» Requirement: Copy every entry word for word, but skip the pictures.

START Exercise materials

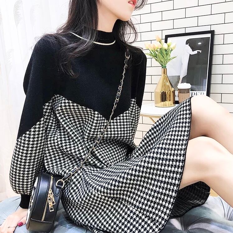 千鳥柄ニットプルオーバードレス
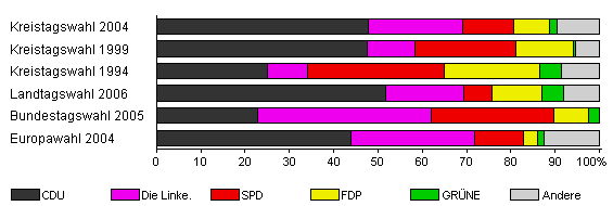 | Landtagswahl 2006 | 54,2 | 51,6 | 17,7 | 6,5 | 11,3 | 4,8 | 8,1 | |
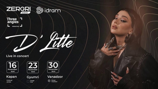 "Не упусти возможность насладиться уникальным концертом D’Litte 30 НОЯБРЯ в Ванадзоре.Приходи за незабываемыми эмоциями и стань частью самых ярких моментов вечера.Мы ждем именно тебя"
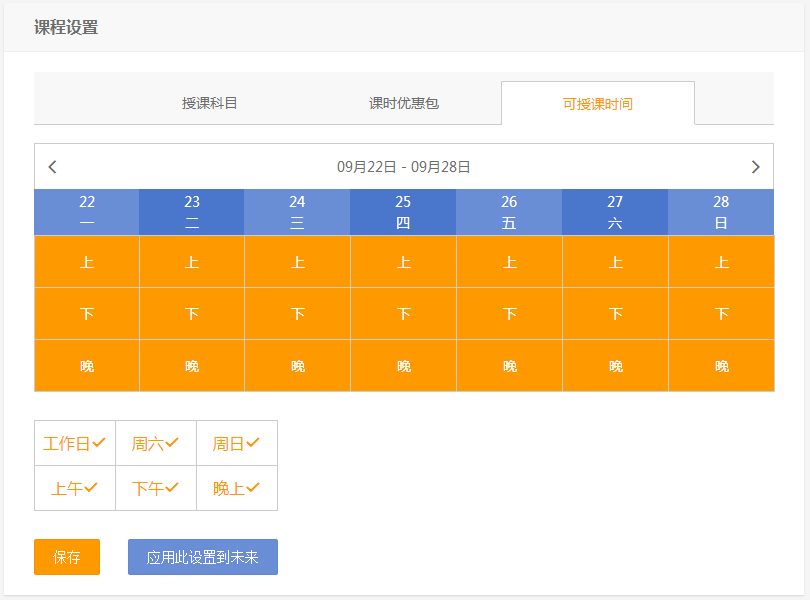 你可以在老师个人中心的课程设置页面点击“可授课时间”进行设置,保存后可以应用此设置到未来。
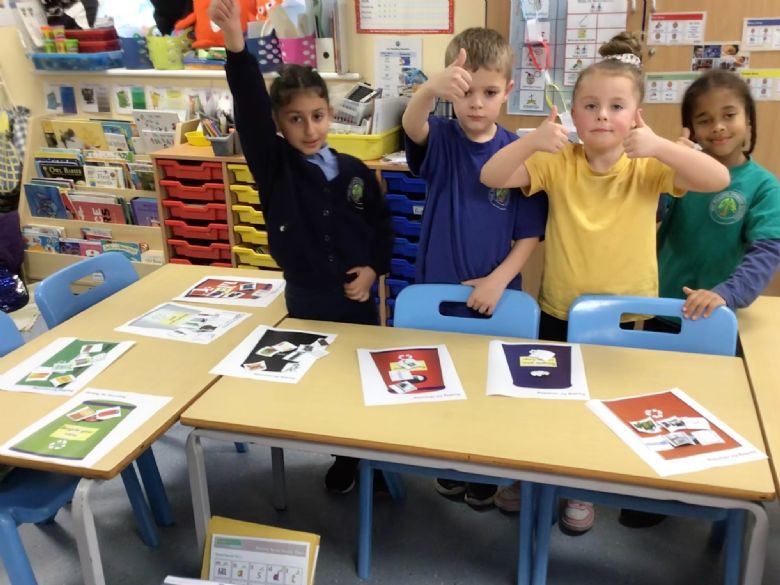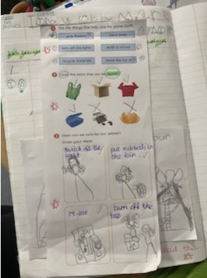 This week we have been looking at ways that we can look after our planet. We have been sorting objects and pictures – learning about recycling, reuse and reduce. Our DT challenge is: 'To make a bag out of recycled materials'. We can choose to use these materials – fabric/cardboard/plastic.

END Exercise materials

» Solution:
 千鳥柄ニットプルオーバードレス
 | Landtagswahl 2006 | 54,2 | 51,6 | 17,7 | 6,5 | 11,3 | 4,8 | 8,1 | |
 "Не упусти возможность насладиться уникальным концертом D’Litte 30 НОЯБРЯ в Ванадзоре.Приходи за незабываемыми эмоциями и стань частью самых ярких моментов вечера.Мы ждем именно тебя"
 你可以在老师个人中心的课程设置页面点击“可授课时间”进行设置,保存后可以应用此设置到未来。
 This week we have been looking at ways that we can look after our planet. We have been sorting objects and pictures – learning about recycling, reuse and reduce. Our DT challenge is: 'To make a bag out of recycled materials'. We can choose to use these materials – fabric/cardboard/plastic.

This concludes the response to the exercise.